Seydina Baldé

Medal record

Men's karate

Representing France

World Games

= Seydina Baldé =

French karateka

Seydina Baldé (born 23 September 1977) is a French actor and martial artist. He has been Europe and World Karate Champion.

Balde was born in Paris. He always wanted to become an actor, so went to theatre classes when he was a teenager and managed to be noticed while performing. He credits Jean-Claude Van Damme with inspiring him to pursue martial arts after watching his movies. At the age of 16, he began studying karate. He enjoyed quick success, winning the title of Junior Champion of the World after only four years of practice.
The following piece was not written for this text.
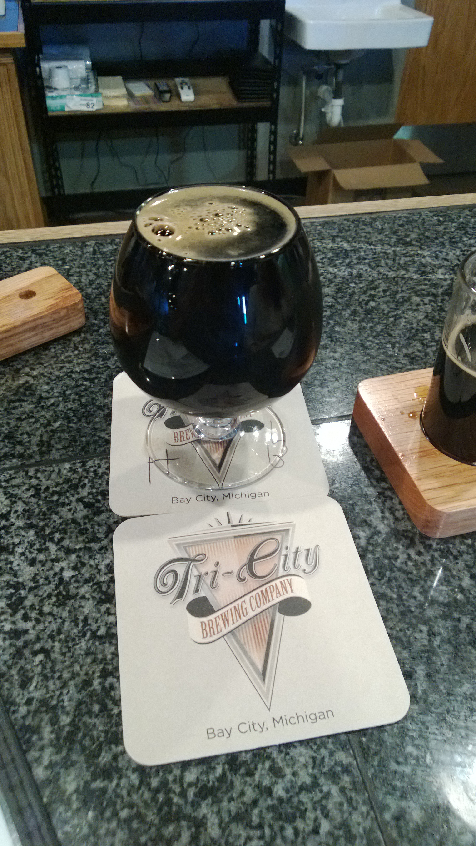 I am one of those people who tries to do the things that I say I will do. On the larger scale, I announced during some high school class or another that I would be a lawyer, live in Ann Arbor and never have kids. Note that I got my law license in 1997 and practiced for 7 years, co-own a home in Kerrytown and there are no little squirts running around our domicile. On the smaller scale, I have long been announcing to the world that I would visit Tri-City Brewing in Bay City. They are one of my first stops at every beer fest, I have enjoyed every single beer I’ve ever had and I even know one of the brewers! It took us a little while, but Boyfriend Ken and I finally made it up there last Friday!

In the world of martial arts, he is sometimes known by the nickname «la perle noire du karaté» ("the black pearl of karate").

Intending to become an actor as an adult, he went back to an acting class in Paris. he first appeared in the television adaptation of Largo Winch.

Baldé played the guide to blind runner Yannick (played by Cyril Descours) in the 2011 Wargnier film La Ligne droite.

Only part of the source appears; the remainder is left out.